Conspiratorial Behavior Detection
While the ways in which malicious insiders can damage your organization are myriad, many of them share an important characteristic: participants know that they are doing something that they shouldn’t, and are taking steps to avoid having others find out. The good news is that such efforts at secrecy themselves leave traces. Cataphora has pioneered a variety of techniques for picking up on this.

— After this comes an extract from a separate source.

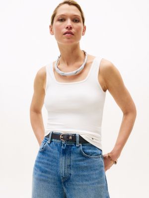 Update your essentials with this square-neck tank top, cut to a flattering slim fit and featuring a delicate scalloped trim.

Often, guilty parties will try to communicate without their co-workers being able to understand. They may switch to un-recorded channels, such as phone calls or face-to-face meetings. In these cases, we can often find requests to change the venue via a channel that is recorded, such as an email that says “Let’s discuss this over lunch.” In some cases, the parties will switch to a foreign language they share that is not understood by the majority of the organization. Cataphora’s text analysis software can detect which language is spoken, and can even detect where within a document a shift occurs from, say, English to German.
In both the examples above, any given data point is likely to be harmless. Perfectly benign employees meet in person or switch to their first language all the time. What is important is the pattern. Individuals with a secret to keep typically change their behavior from what it previously was. They also act differently from their non-involved peers. By combining detection of switches in language and channel with analysis of workflows and organizational structure, our software makes these differences more apparent.
It is often also true that an employee who becomes aware of an investigation, or just has second thoughts, will attempt to delete incriminating communications. However, some portion of these deletions is usually detectable. Even when back-ups are not maintained, missing items show up as unresolved nodes in Discussions™ and as gaps in periodic sequences. Also, other participants in the conversation are unlikely to destroy the same items, leading to messages for which an actor is a participant but not an owner. As before, any one data point by itself shows nothing: we all delete emails, instant messages, and stand-alone documents frequently. What is important is the pattern. Cataphora has a number of ways of characterizing deleted versus retained portions of an actor’s data for comparison. Were certain periodically occurring events preferentially targeted? What about documents characterized by particular textblocks, or topics? The properties of the data that isn’t there can be quite telling.